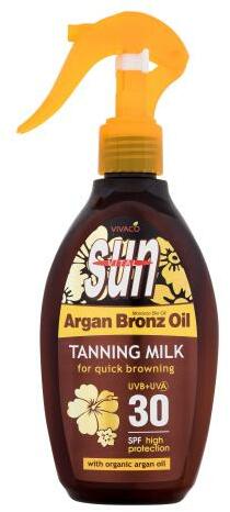 Védje a bőrét az UVA- és az UVB-sugarak káros hatásaitól a Vivaco Sun Argan Bronz Oil Tanning Milk naptejjel. Segít megakadályozni a bőrégést és a napfény okozta korai bőröregedést. Kellően hidratálja a bőrt és az argánolajnak köszönhetően meggyorsítja a barnulást napozás után.
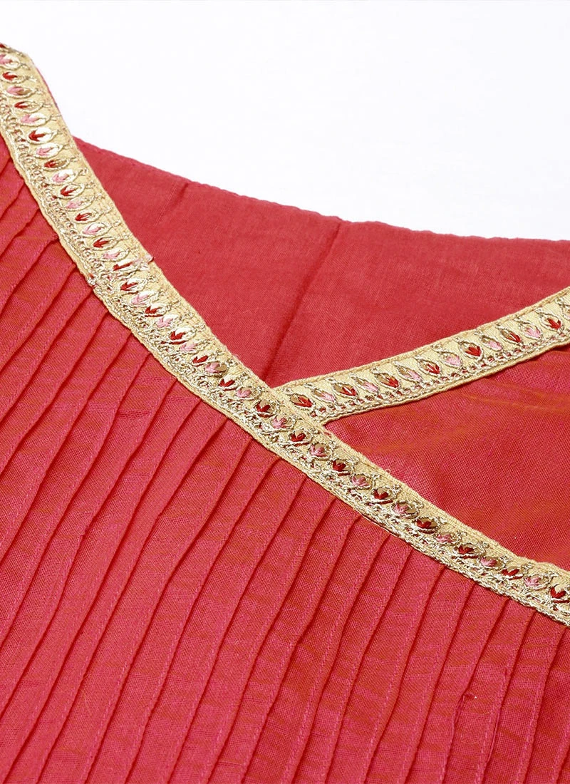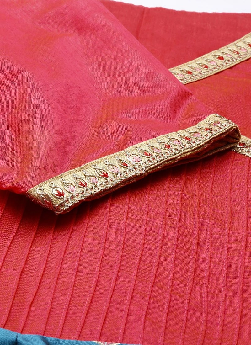 Presenting blue and pink overlap neck front and high back neck pattern top with kali attached at the natural waist yoke till calf length and is enhanced with tucks and a side dori with tassel and puff elbow length sleeves. A trim is attached to the neckline and sleeves. The floor length half circular pink chanderi lehenga has a front band and back elastic waistband type with can can attached to it and the pink net dupatta has a trim attached at the four corners. .
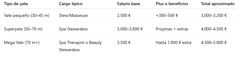 Sueldo de una masajista o esteticien en un yate de lujo
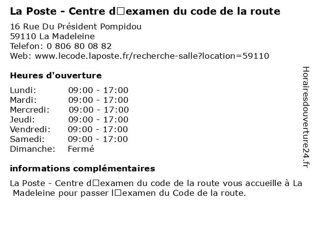 Termes de recherche pour La Poste - Centre d’examen du code de la route:poste, la, du, de, route, centre, code, d’examen, centre d'évaluation scolaire, école technique |
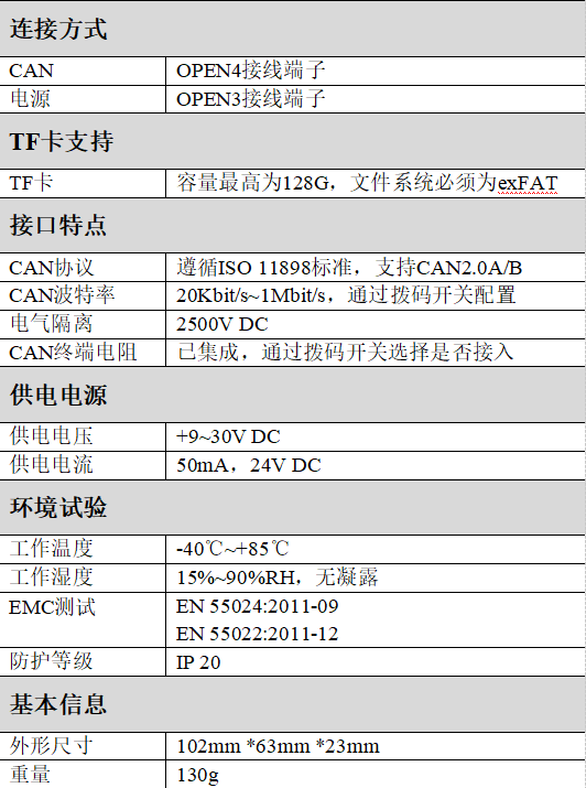 (1)高速的32位工業(yè)級(jí)處理器;(2)使用外接電源供電(DC+9~30V);(3)供電電流:20mA,24V DC;(4)靜電放電抗擾度等級(jí):接觸放電±2KV,空氣放電±15KV;(5)電快速瞬變脈沖群抗擾度等級(jí):±1KV;(6)浪涌抗擾度等級(jí):±1KV;(7)集成2路標(biāo)準(zhǔn)CAN總線接口,使用OPEN4接線端子;(8)CAN總線支持CAN2.0A、CAN2.0B幀格式,符合ISO/DIS 11898標(biāo)準(zhǔn);(9)CAN總線通訊波特率在10Kbps~1Mbps之間可通過撥碼開關(guān)配置;(10)CAN總線接口采用電氣隔離,隔離模塊絕緣電壓:DC 2500V;(11)最高接收數(shù)據(jù)流量:2000 fps/秒;(12)CAN數(shù)據(jù)帶有時(shí)間戳,精度0.1ms;(13)工作溫度范圍:-40℃~+85℃;(14)工作濕度范圍:5%~95%RH無凝露;(15)存儲(chǔ)卡最大支持128G;
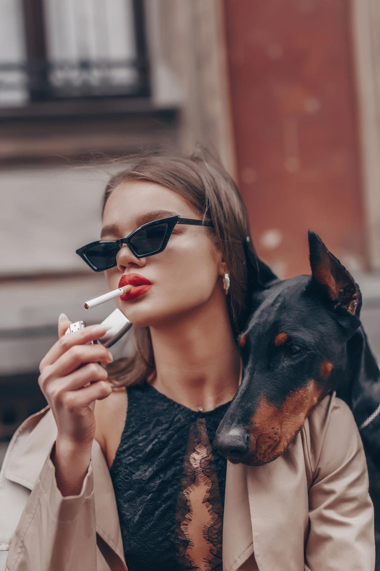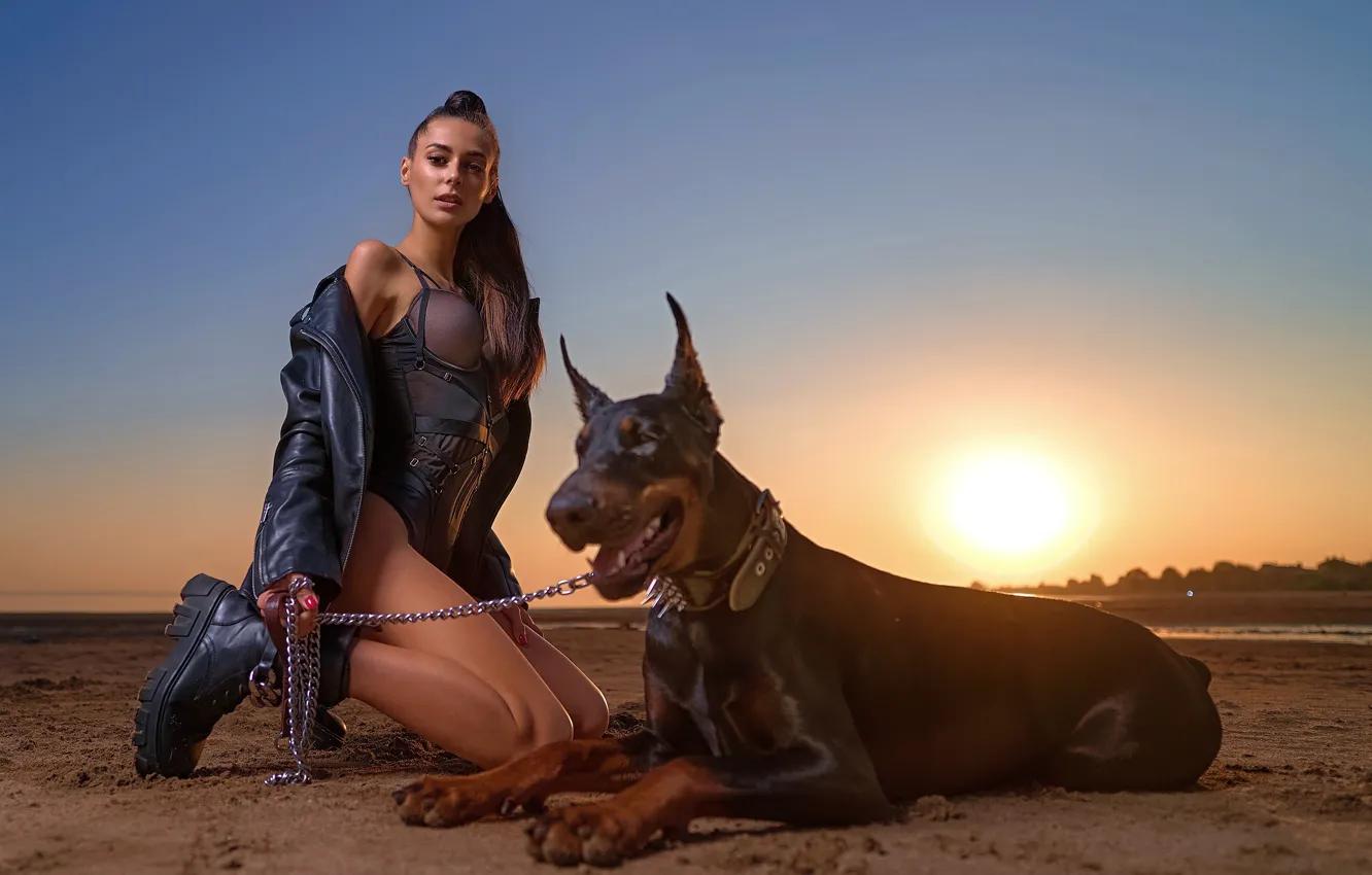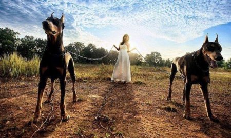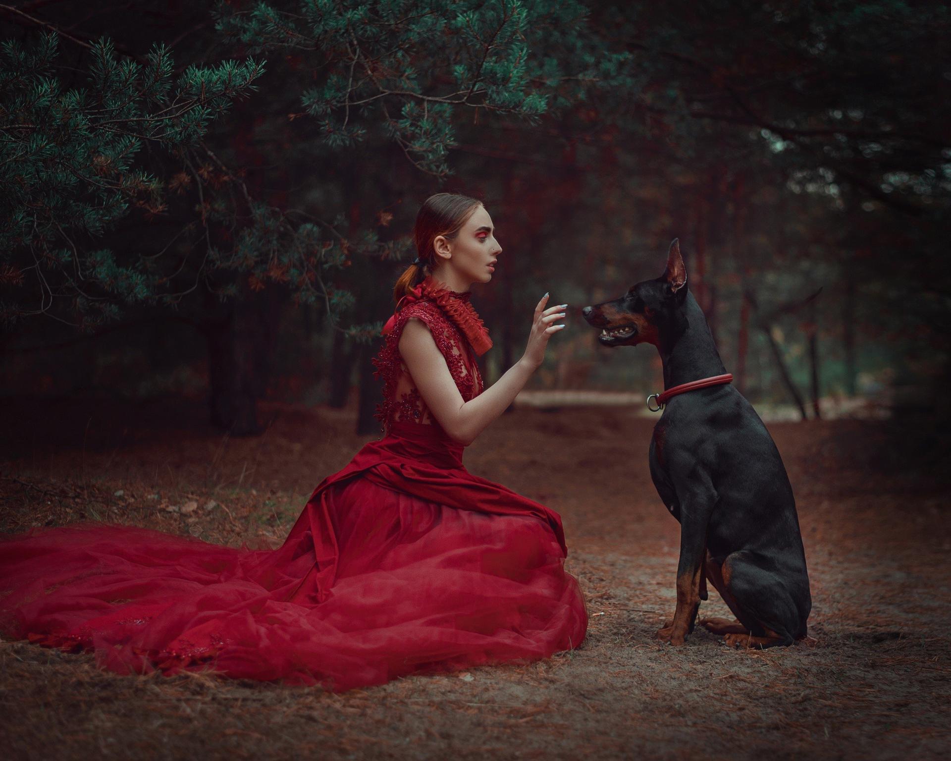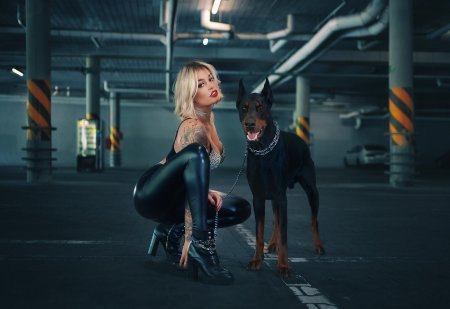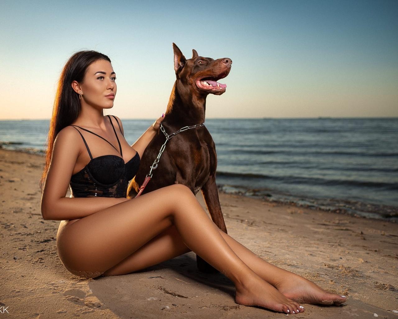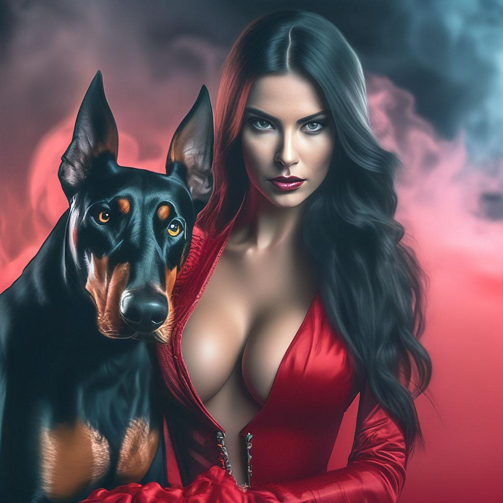 Доберманы с девушками
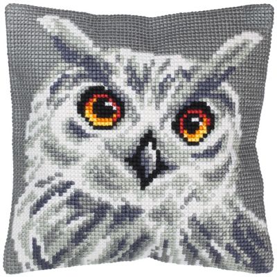 Kreuzstichkissen "Eule, grau". Superleicht zu sticken, geeignet für Kinder ab 8 Jahren. Komplettpackung: Anleitung, Garn, Sticknadel. Ohne Kissenrücken und -füllung. Größe: 40 x 40 cm. Material: Stoff bedruckter Stramin 100 % Baumwolle (ca. 18 Stiche/10 cm), Garn 100 % Polyacryl.
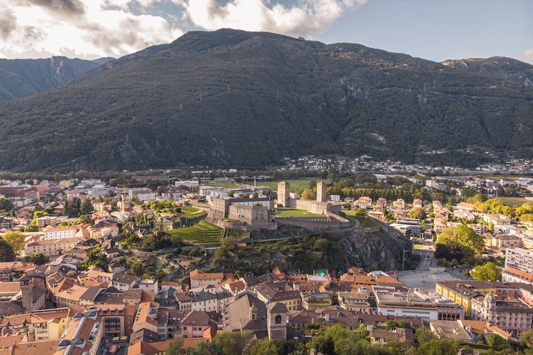 Capoluogo del Canton Ticino, Bellinzona occupa una posizione strategica all’ingresso delle principali vie alpine che collegano il Nord e il Sud dell’Europa, in particolare i valichi del San Gottardo, del San Bernardino e del Lucomagno. La città è celebre per il suo eccezionale sistema difensivo medievale, composto dai castelli di Castelgrande, Montebello e Sasso Corbaro, riconosciuti patrimonio mondiale UNESCO. Il centro storico conserva un impianto compatto, con piazze e edifici civili che riflettono il ruolo amministrativo della città.
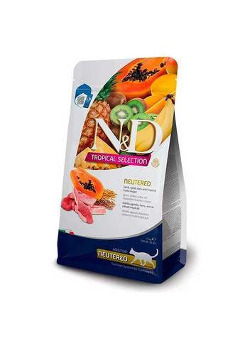Низкозерновой сухой корм для кастрированных или стерилизованных котов и кошек Farmina N&D Tropical Selection Cat Neutered Представленная линейка кормов Farmina разработана с участием ведущих специалистов и ученых Италии, главная задача которых полягала в том, чтобы создать не просто питательный, но и сбалансированный рацион, помогающий сохранять здоровье любимых питомцев. Все в этом корме идеально, начиная от размера гранул и заканчивая их содержимым, порадуйте верного друга этим лакомством, и Вы увидите положительные изменения, как во внешнем виде мурлыки, так и в ее поведении. N&D Tropical selection — это новая линия кормов, разработанная специалистами Farmina, особенностью которой является наличие разнообразных тропических фруктов в составе. Лучший корм для взрослых кошек содержит 90% белков животного происхождения, анцестральные злаки (спельта и овес) с низким гликемическим индексом и тропические фрукты: папайя, манго, киви, ананас и банан. Эти фрукты богаты природными антиоксидантами и полными витаминов. Гипоаллергенные корма для кошек холистик предназначены для взрослых питомцев старше 12 месяцев для полнорационного сбалансированного питания и предотвращения развития проблем с пищевой непереносимостью и пищеварением. И если Купить сухой корм для взрослых кастрированных котов Ягненок считается хорошим источником животного белка и гипоаллергенным компонентом, поэтому корм с мясом ягненка предпочитают давать животным с чувствительным пищеварением или аллергией на мясо птицы. Овес - источник высокоперетравливаемых углеводов, белка и питательной клетчатки. Отличается низким гликемическим индексом (40), поэтому полезен для диабетиков, пожилых и питомцев с аллергией. Спельта - злаковая культура, но по сравнению с птицей зерна спельты содержат больше белка (от 27% до 37%), железа и витаминов группы В, а также меньше глютена, который часто вызывает у животных аллергию. Горох является отличным заменителем злаков, так как имеет более низкий гликемический индекс, это качественный источник растительного белка, углеводов и клетчатки. Клетчатка свекловочного жема обеспечивает источником энергии, который может улучшить здоровье толстой кишки, наряду с увеличением массы и влаги стула животного. Рыбий жир является источником энергии и Омега-3 жирных кислот, в том числе ДГК (докозагексаеновой кислоты) и ЭПК (эйкозапентаеновой кислоты), для поддержания здоровой кожи и шерсти. Экстракт дрожжей содержит витамины, ферменты и маннановые олигосахариды – пребиотики, которые поддерживают здоровую, сбалансированную микрофлору кишечника, а также бета-глюкан – полисахариды, стимулирующие иммунитет. Тропические фрукты обогащают состав корма витаминно-минеральным комплексом, и добавляют в привычный рацион новый вкус, который заинтересует даже самых требовательных гурманов! Аналитический состав корма Компонент Содержание протеин 31,01% жир 11,01% зола 8,51% клетчатка 6,51% кальций 1,11% фосфор 0,91% магний 0,09% Омега-3 0,41% Омега-6 2,01% Состав корма для кошек Фармина баранина (20%), дегидратированный белок ягненка (20%), спельта (12%), овес (12%), сушеный свеклый жем, обезвоженный белок сельди, мука люцерны, сушеные яйца, куриный жир, рыбий жир (из сельдеца), сушеная морковь, инулин, фруктоолигосахариды, дрожжевой экстракт (источник маннанолигосахаридов), сушеный банан (0,5%), сушеный киви (0,5%), сушены

====

[Exercise prompt]: Above, find the line holding "100 % Polyacryl." and the line holding "Capoluogo del Canton". Print exactly those two lines and every line between them, but no pictures.

[Solution for this exercise]:
 Kreuzstichkissen "Eule, grau". Superleicht zu sticken, geeignet für Kinder ab 8 Jahren. Komplettpackung: Anleitung, Garn, Sticknadel. Ohne Kissenrücken und -füllung. Größe: 40 x 40 cm. Material: Stoff bedruckter Stramin 100 % Baumwolle (ca. 18 Stiche/10 cm), Garn 100 % Polyacryl.
 Capoluogo del Canton Ticino, Bellinzona occupa una posizione strategica all’ingresso delle principali vie alpine che collegano il Nord e il Sud dell’Europa, in particolare i valichi del San Gottardo, del San Bernardino e del Lucomagno. La città è celebre per il suo eccezionale sistema difensivo medievale, composto dai castelli di Castelgrande, Montebello e Sasso Corbaro, riconosciuti patrimonio mondiale UNESCO. Il centro storico conserva un impianto compatto, con piazze e edifici civili che riflettono il ruolo amministrativo della città.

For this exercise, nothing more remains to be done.